Damaad is a 1978 Bollywood comedy film directed by Rajat Rakshit. It features Amol Palekar, Ranjeeta, Shreeram Lagoo, Tarla Mehta, Preeti Ganguly, Pinchoo Kapoor, Dina Pathak and Jagdeep. The movie is a remake of famous Bengali movie Mouchak.

Plot
Sharad (Amol Palekar) belongs to a middle-class family and lives with his brother Shreeram Lagoo and sister-in-law Tarla Mehta in Bombay. Sharad gets a job in Malavli in which he is not interested. He, however, does go for the job where he meets bosses Mr.
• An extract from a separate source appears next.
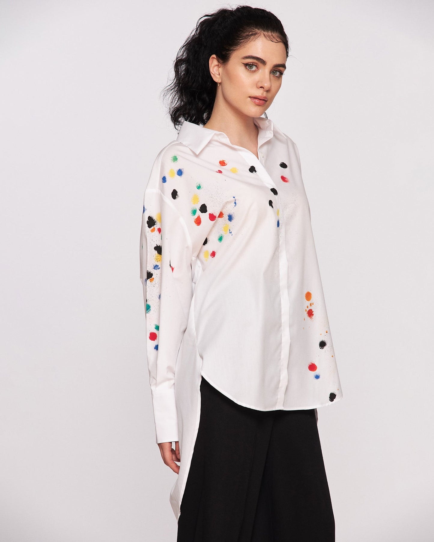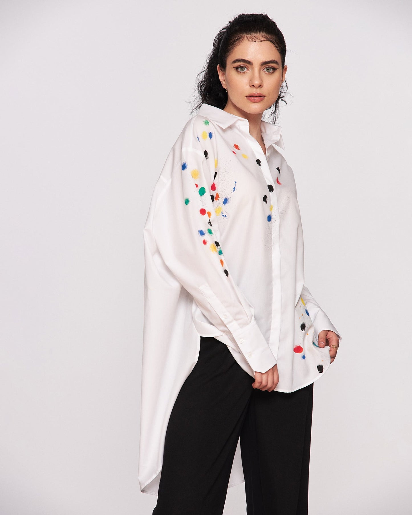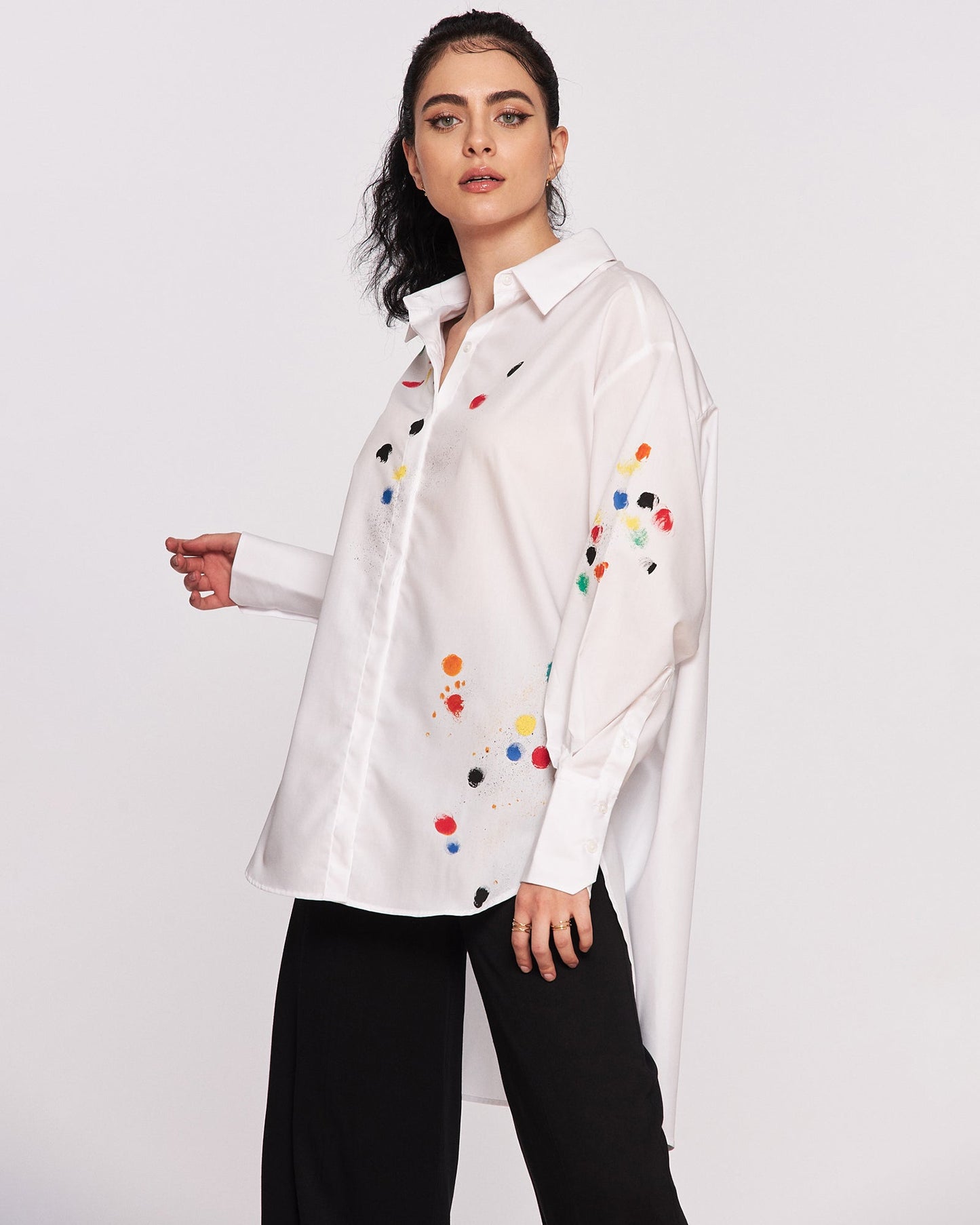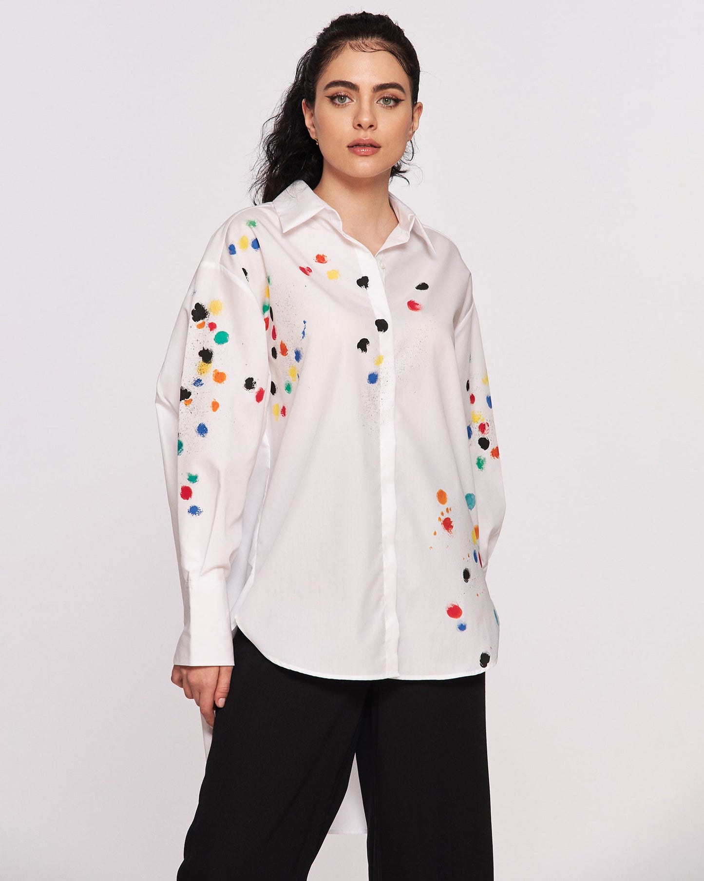 Joy and color! Comfortable and cool cotton shirt for women. Color painting pattern gives a cheerful, feminine look to this unique garment. Surely this shirt model will be the main attraction of the outfit worn.

Rodrigues and Mr. Choudhury, who are initially rude to him, but soften immediately and pamper him when they see he is unmarried. Both these men are on the look-out for grooms for their daughters. On the first day, Sharad's boss Pinchoo Kapoor takes him to his house for lunch where he is introduced to Leena Preeti Ganguly, the boss' fat daughter who promptly falls in love with him. Then, he gets introduced to Mr. Rodrigues' three daughters too. But Sharad is in love with Renu (Ranjeeta Kaur), his neighbour. In the factory, his assistant Mr. Khote (Ashok Saraf) wants to help him get out of the trap created by Mr. Chaudhury and Mr. Rodrigues. Khote spreads the rumour that Sharad is not of good character. This, however, creates tensions between Renu and Sharad. Mr. Chaudhury starts believing that Khote is spreading the rumours in order to win the place of his son-in-law. After a series of funny foibles and fumbles, all tensions are resolved.

Cast
Amol Palekar as Sharad Mazgaonkar
Ranjeeta Kaur as Renu
Shreeram Lagoo as Shreedhar Mazgaonkar
 Tarla Mehta as Mrs. Mazgaonkar, Sharad's bhabhi
 Jagdeep as Baankey the mad man in Malavli
Keshto Mukherjee as Tulsiram
Preeti Ganguli as Leena
Pinchoo Kapoor Mr. Chaudhary
Dina Pathak Mrs. Chaudhary
Datta Bhat Renu's father
Sunder as Dr.Chatterjee
Marutirao Parab as Mr. Rodrigues
C S Dubey as Sundarji Pandit
Ashok Saraf as Mr. Khote
Master Sakka as Sonu
Mushtaq Merchant as Charan
 Harbans Darshan M. Arora as neighbor who throws water on Charan

Soundtrack

Trivia
 Debut of Ashok Saraf in Hindi movies.